[[ Provided material, beginning ]]

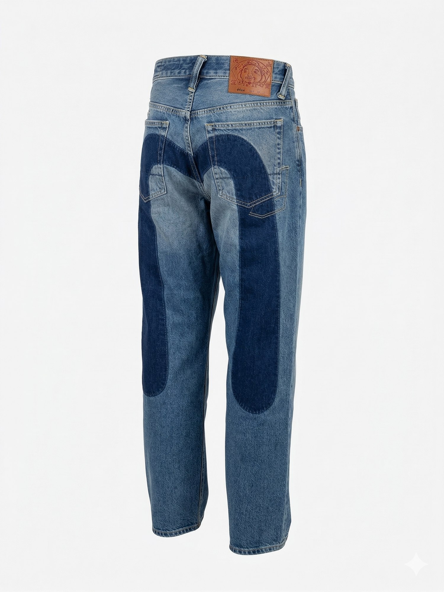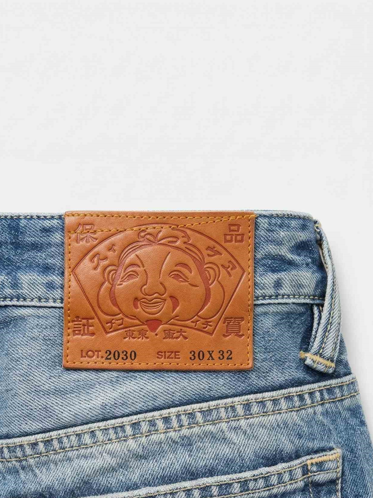 Jeans in lavaggio indaco medio con effetto "vissuto" con applicazione posteriore a contrasto scuro, patch in pelle e bottoni personalizzati.
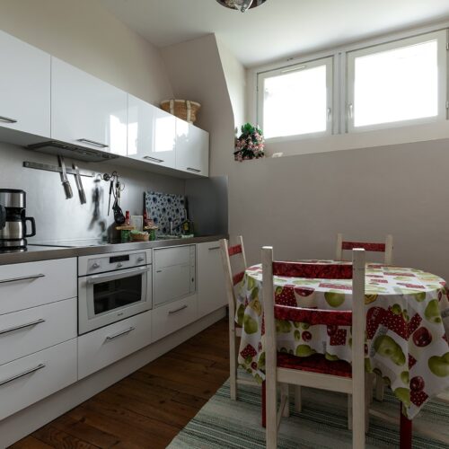 Au centre, une cuisine/salle à manger partagée permet de cuisiner et de se retrouver dans un cadre convivial. Le lieu parfait pour un séjour indépendant, entre charme historique et confort moderne, à deux pas de Biarritz.
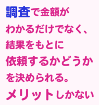 調査の結果で戻る金額が低い場合は依頼を受けれないとの説明も事前にありました。
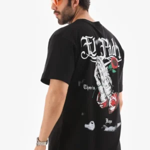 Unisex Bisiklet Yaka Baskılı Oversize T-Shirt – Siyah
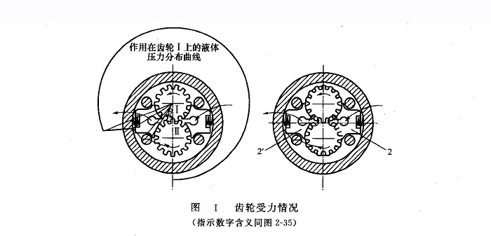 b.由于齒輪圓周大部分處在高壓下(圖I),大大減輕了齒輪軸承的徑向載荷,從而大大減小了軸承的摩擦轉(zhuǎn)矩,增加了輸出轉(zhuǎn)矩,降低了啟動(dòng)壓差△p。,改善了啟動(dòng)特性,提高了軸承和馬達(dá)的壽命。
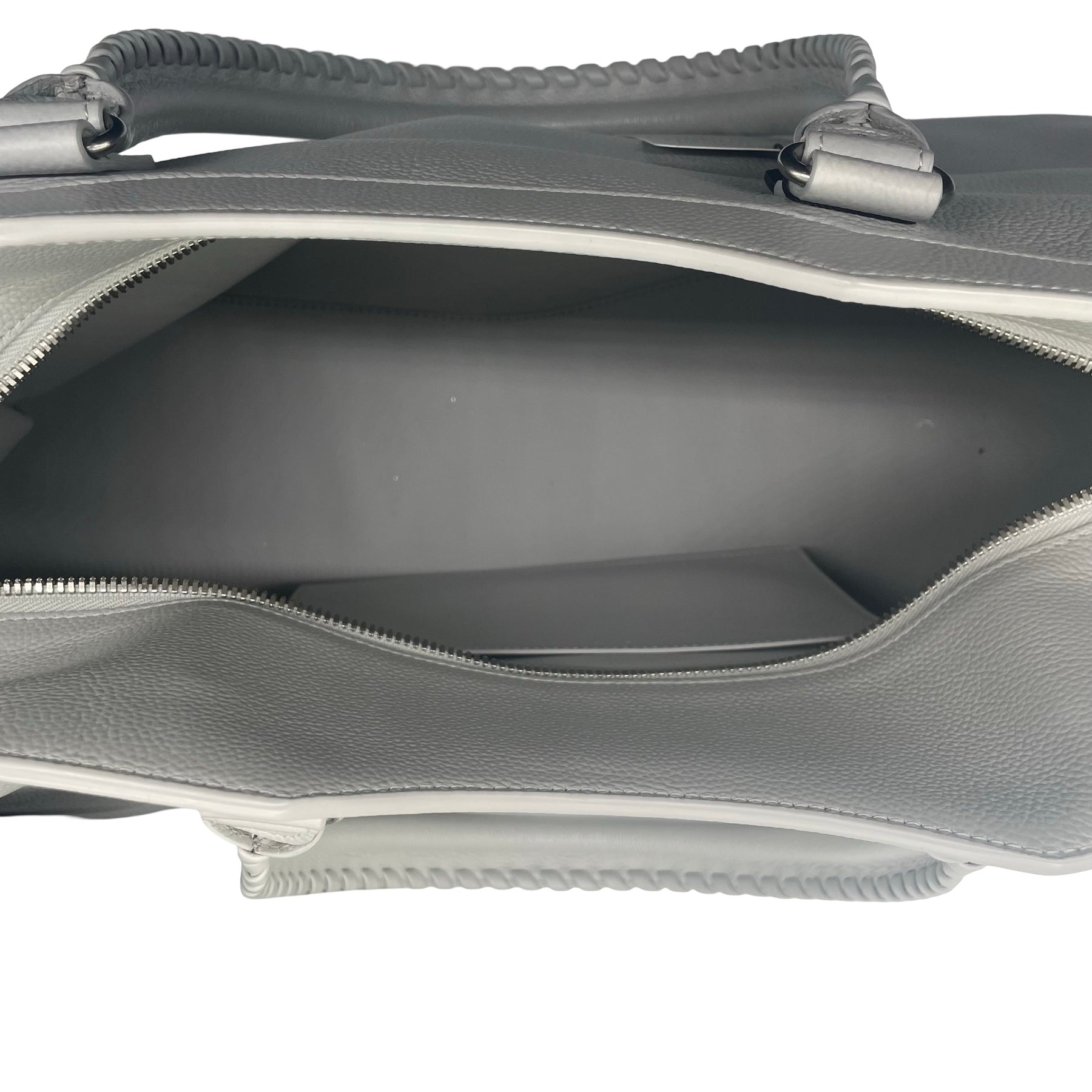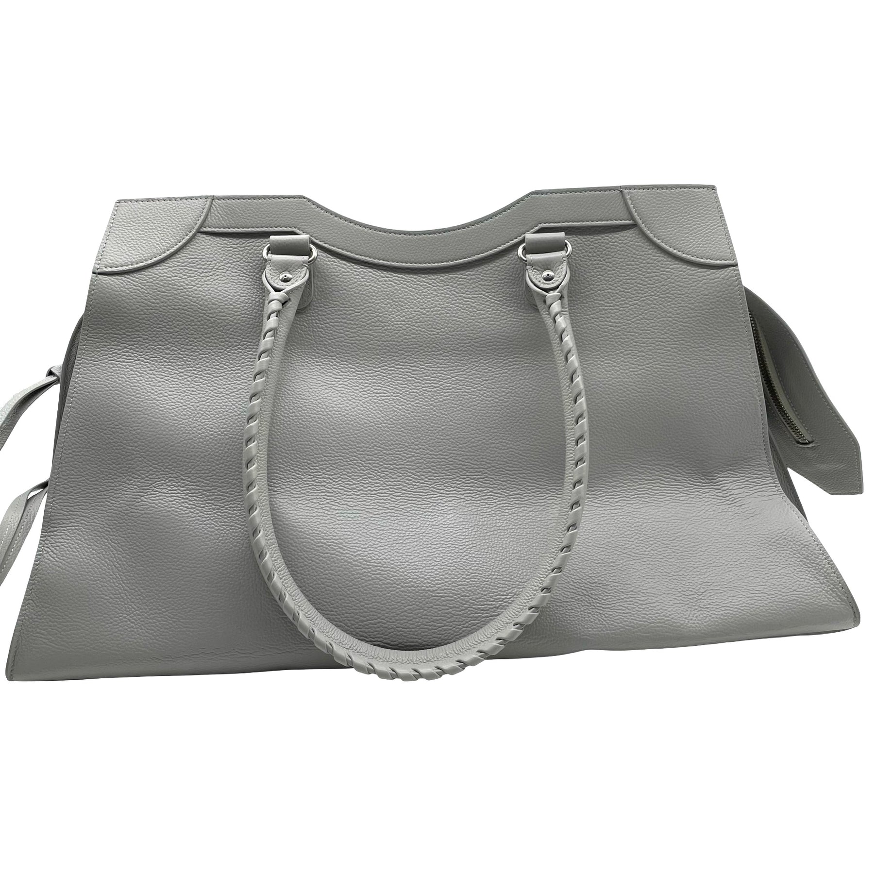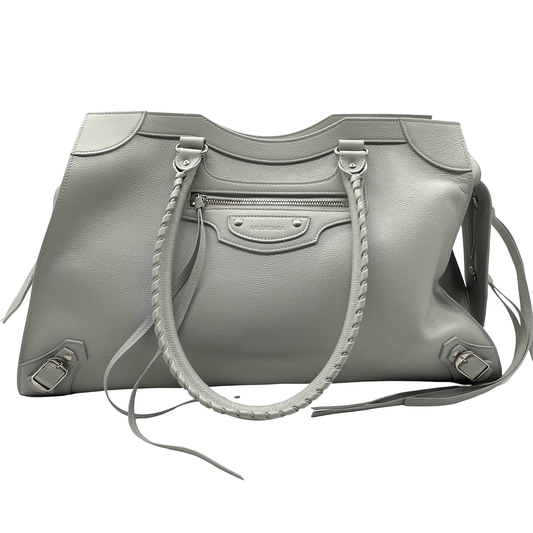 Bolsa Balenciaga Neo Classic Maxi, de piel color gris claro, con cierre enfrente y dos asas de mano. Con uso, en buen estado.
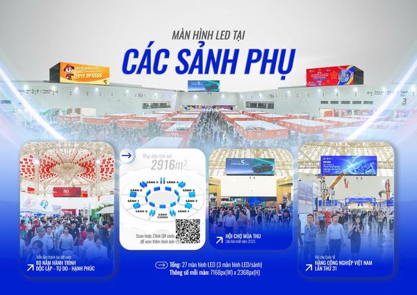 Từ định hướng đó, VINAMA hoàn thiện và đưa vào vận hành hệ thống LED mới tại Vietnam Exposition Center (VEC) Trung tâm Hội chợ Triển lãm Quốc gia. Đây không chỉ là sự gia tăng quy mô hiển thị, mà là bước tiếp nối chiến lược đầu tư vào những không gian có mật độ giao thương cao và nhịp vận hành ổn định quanh năm.
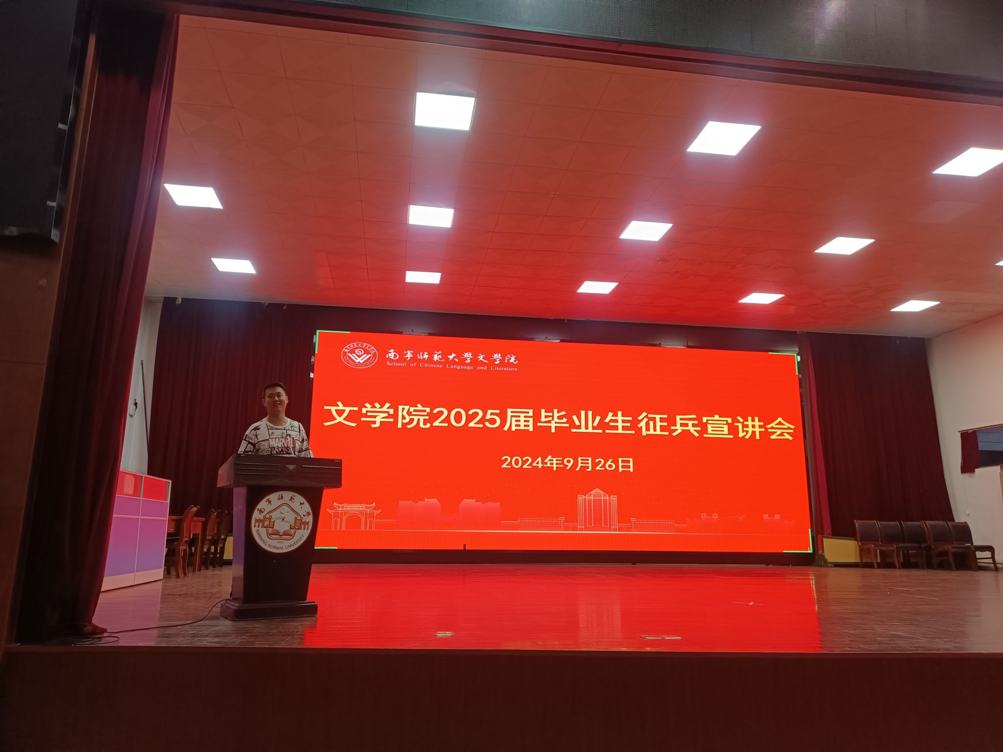 为响应国家号召,鼓励毕业生应征入伍,为祖国奉献青春力量,9月26日晚,文学院在明秀校区大礼堂召开了2025届毕业生征兵宣讲会。学院邀请21级专升本1班退役学生赵杨磊向毕业生们讲解征兵政策。
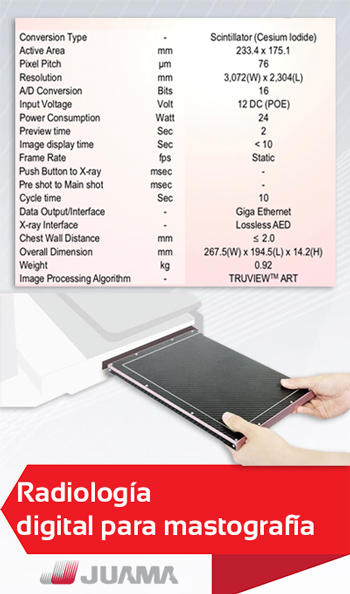 | Radiología digital para mastografía | Flat Panel Detector para mastografía. Sistema alámbrico, calidad digital y flujo rápido en su sistema de mastografía. Medidas: : 8x10 / 10x 12.
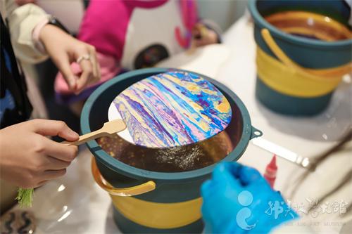 先观察韩美林笔下的山花烂漫作品,欣赏山花的灵动形态与色彩层次,再以沙为墨,通过铺沙、撒沙、勾划等手法,将韩美林笔下的鲜活意趣凝于画盘。在沙粒流动间,亲手复刻艺术经典,感受自然生机与沙画艺术的碰撞。
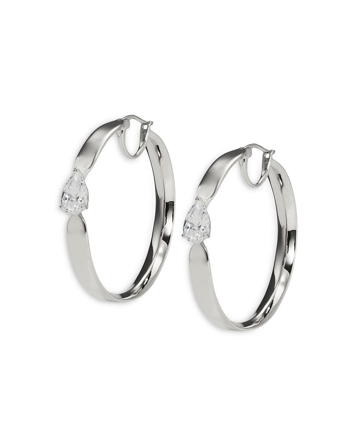 Cubic Zirconia Pear Solitaire Medium Hoop Earrings
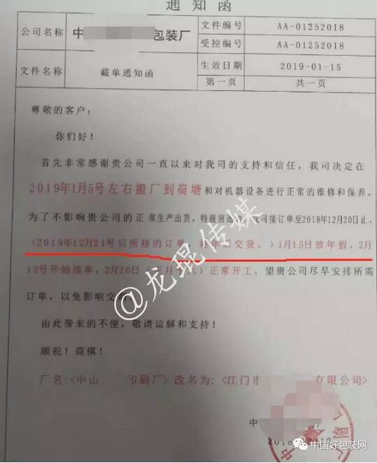 而在12月10日,中山市一家紙箱廠表示,接訂單至2018年12月20日止。2018年12月21日后所接訂單,將年后交貨。2019年1月15日開始放年假,2月12號開始接單,2月20日正式開工。
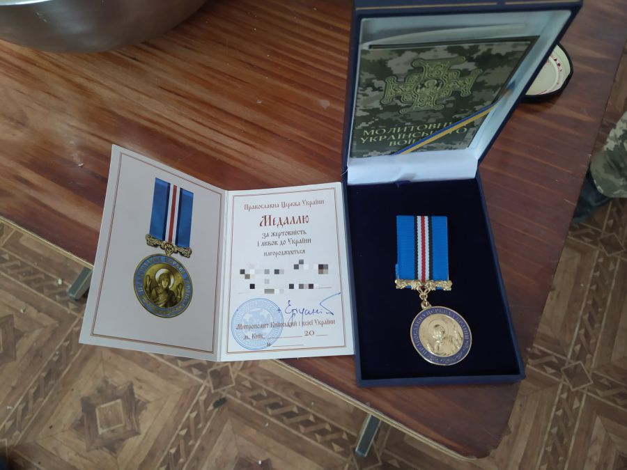 Медаль "За жертовність і любов до України" є відзнакою Церкви за вияв жертовної любові до народу України та самовідданий захист Батьківщини. Вона виготовляється із ювелірної латуні та покривається золотом, інформують "Вікна" з посиланням на пресслужбу 68 окремої єгерської бригади.

[[ Provided material, end ]]

Task instructions
The result should be a precise copy of all the entries, free of pictures.

Exercise output
 Jeans in lavaggio indaco medio con effetto "vissuto" con applicazione posteriore a contrasto scuro, patch in pelle e bottoni personalizzati.
 Au centre, une cuisine/salle à manger partagée permet de cuisiner et de se retrouver dans un cadre convivial. Le lieu parfait pour un séjour indépendant, entre charme historique et confort moderne, à deux pas de Biarritz.
 調査の結果で戻る金額が低い場合は依頼を受けれないとの説明も事前にありました。
 Unisex Bisiklet Yaka Baskılı Oversize T-Shirt – Siyah
 b.由于齒輪圓周大部分處在高壓下(圖I),大大減輕了齒輪軸承的徑向載荷,從而大大減小了軸承的摩擦轉(zhuǎn)矩,增加了輸出轉(zhuǎn)矩,降低了啟動(dòng)壓差△p。,改善了啟動(dòng)特性,提高了軸承和馬達(dá)的壽命。
 Bolsa Balenciaga Neo Classic Maxi, de piel color gris claro, con cierre enfrente y dos asas de mano. Con uso, en buen estado.
 Từ định hướng đó, VINAMA hoàn thiện và đưa vào vận hành hệ thống LED mới tại Vietnam Exposition Center (VEC) Trung tâm Hội chợ Triển lãm Quốc gia. Đây không chỉ là sự gia tăng quy mô hiển thị, mà là bước tiếp nối chiến lược đầu tư vào những không gian có mật độ giao thương cao và nhịp vận hành ổn định quanh năm.
 为响应国家号召,鼓励毕业生应征入伍,为祖国奉献青春力量,9月26日晚,文学院在明秀校区大礼堂召开了2025届毕业生征兵宣讲会。学院邀请21级专升本1班退役学生赵杨磊向毕业生们讲解征兵政策。
 | Radiología digital para mastografía | Flat Panel Detector para mastografía. Sistema alámbrico, calidad digital y flujo rápido en su sistema de mastografía. Medidas: : 8x10 / 10x 12.
 先观察韩美林笔下的山花烂漫作品,欣赏山花的灵动形态与色彩层次,再以沙为墨,通过铺沙、撒沙、勾划等手法,将韩美林笔下的鲜活意趣凝于画盘。在沙粒流动间,亲手复刻艺术经典,感受自然生机与沙画艺术的碰撞。
 Cubic Zirconia Pear Solitaire Medium Hoop Earrings
 而在12月10日,中山市一家紙箱廠表示,接訂單至2018年12月20日止。2018年12月21日后所接訂單,將年后交貨。2019年1月15日開始放年假,2月12號開始接單,2月20日正式開工。
 Медаль "За жертовність і любов до України" є відзнакою Церкви за вияв жертовної любові до народу України та самовідданий захист Батьківщини. Вона виготовляється із ювелірної латуні та покривається золотом, інформують "Вікна" з посиланням на пресслужбу 68 окремої єгерської бригади.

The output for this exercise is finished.